REQUIRED ACTION
Reproduce verbatim all of the data given below, but do not carry over the images.

INFORMATION SUPPLIED
————
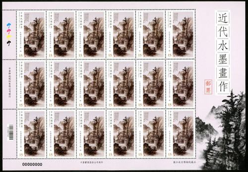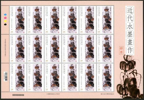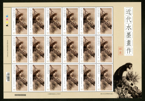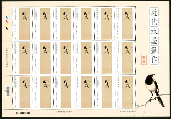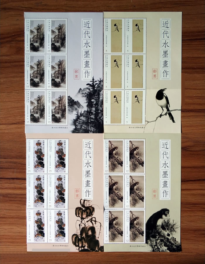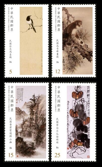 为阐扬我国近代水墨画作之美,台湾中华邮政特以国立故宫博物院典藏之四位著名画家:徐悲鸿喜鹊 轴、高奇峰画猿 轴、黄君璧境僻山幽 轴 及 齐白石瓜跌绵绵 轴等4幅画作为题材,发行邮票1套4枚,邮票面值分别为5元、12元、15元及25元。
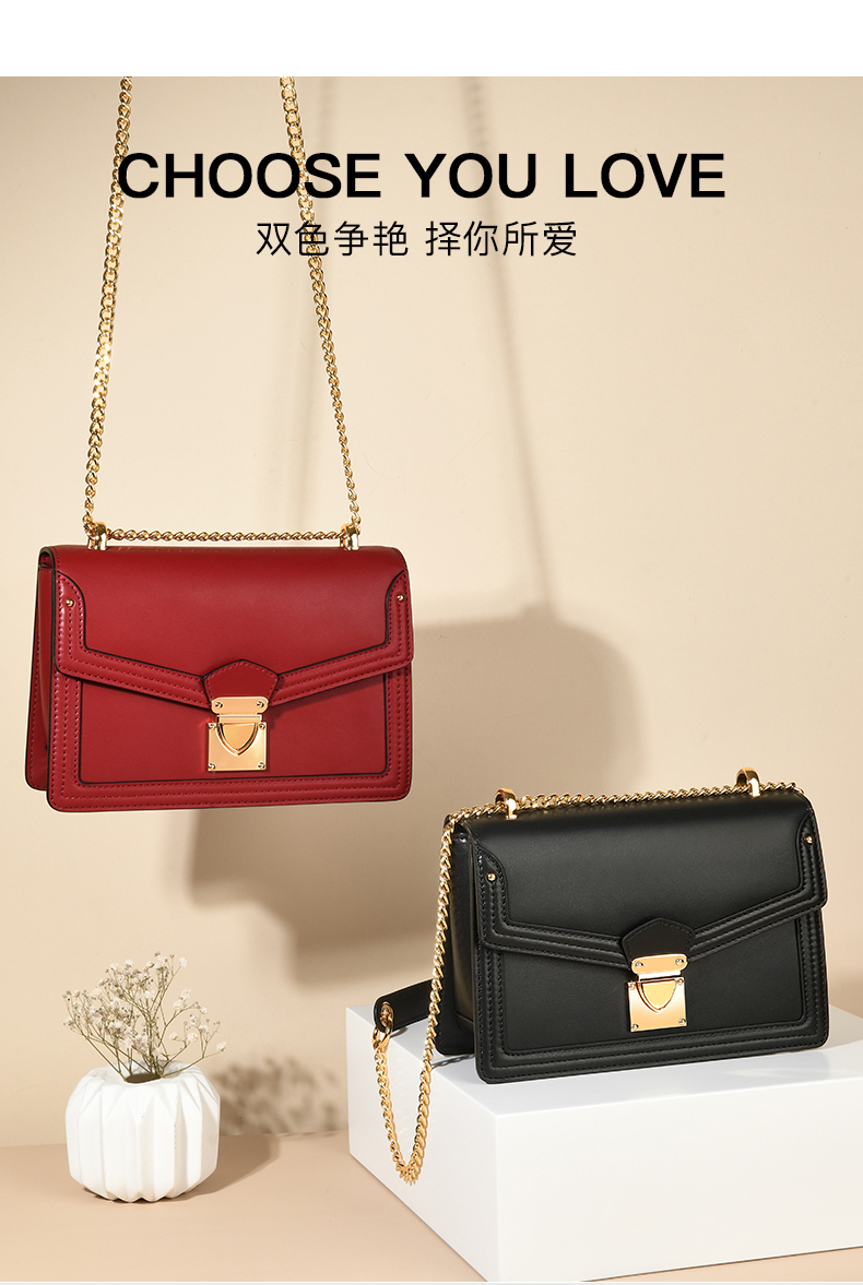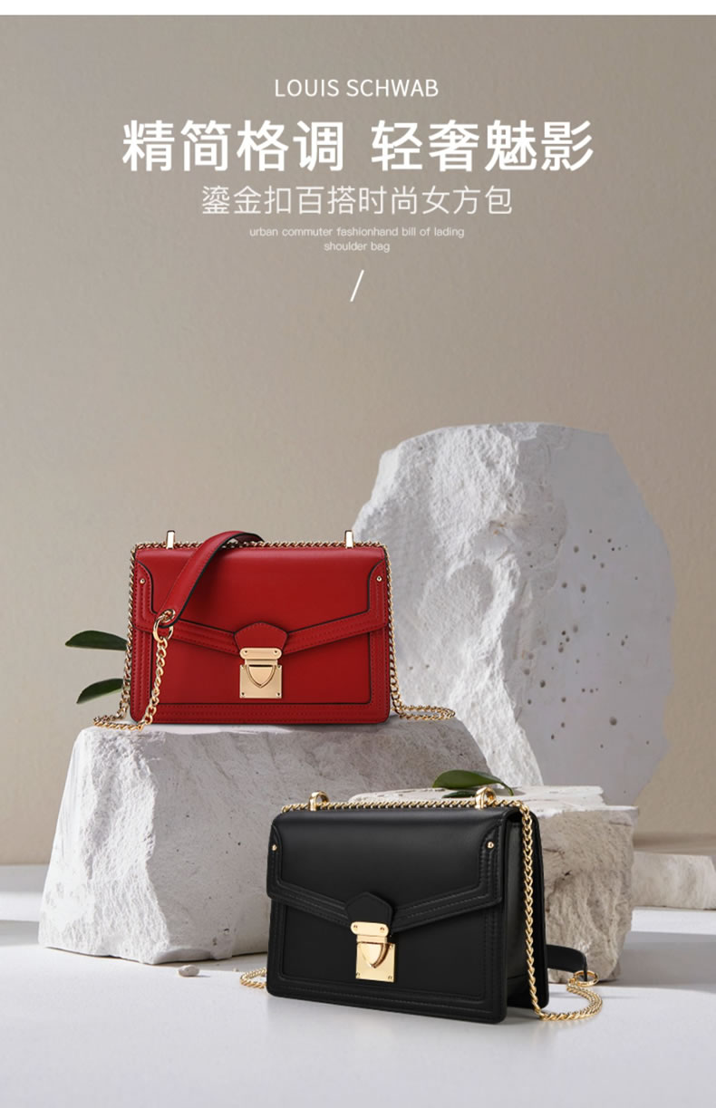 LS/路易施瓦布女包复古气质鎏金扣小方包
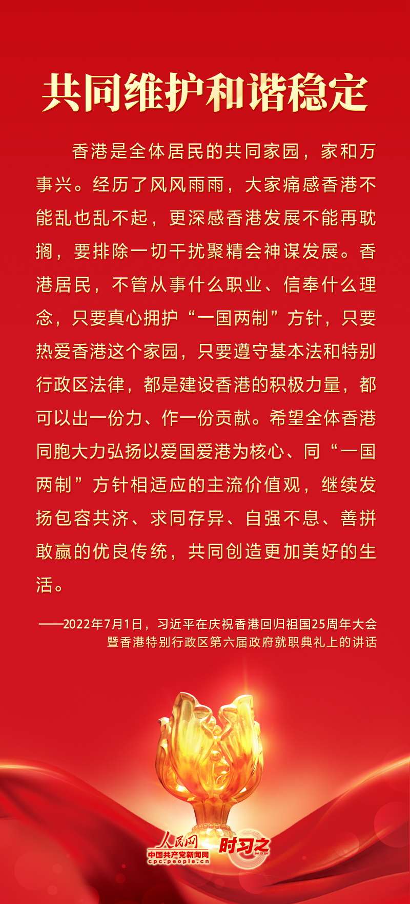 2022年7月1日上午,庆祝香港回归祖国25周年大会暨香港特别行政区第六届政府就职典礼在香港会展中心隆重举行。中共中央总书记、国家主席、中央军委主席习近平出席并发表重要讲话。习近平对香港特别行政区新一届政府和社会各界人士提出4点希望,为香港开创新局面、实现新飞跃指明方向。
————
SOLUTION TO THIS PROBLEM
 为阐扬我国近代水墨画作之美,台湾中华邮政特以国立故宫博物院典藏之四位著名画家:徐悲鸿喜鹊 轴、高奇峰画猿 轴、黄君璧境僻山幽 轴 及 齐白石瓜跌绵绵 轴等4幅画作为题材,发行邮票1套4枚,邮票面值分别为5元、12元、15元及25元。
 LS/路易施瓦布女包复古气质鎏金扣小方包
 2022年7月1日上午,庆祝香港回归祖国25周年大会暨香港特别行政区第六届政府就职典礼在香港会展中心隆重举行。中共中央总书记、国家主席、中央军委主席习近平出席并发表重要讲话。习近平对香港特别行政区新一届政府和社会各界人士提出4点希望,为香港开创新局面、实现新飞跃指明方向。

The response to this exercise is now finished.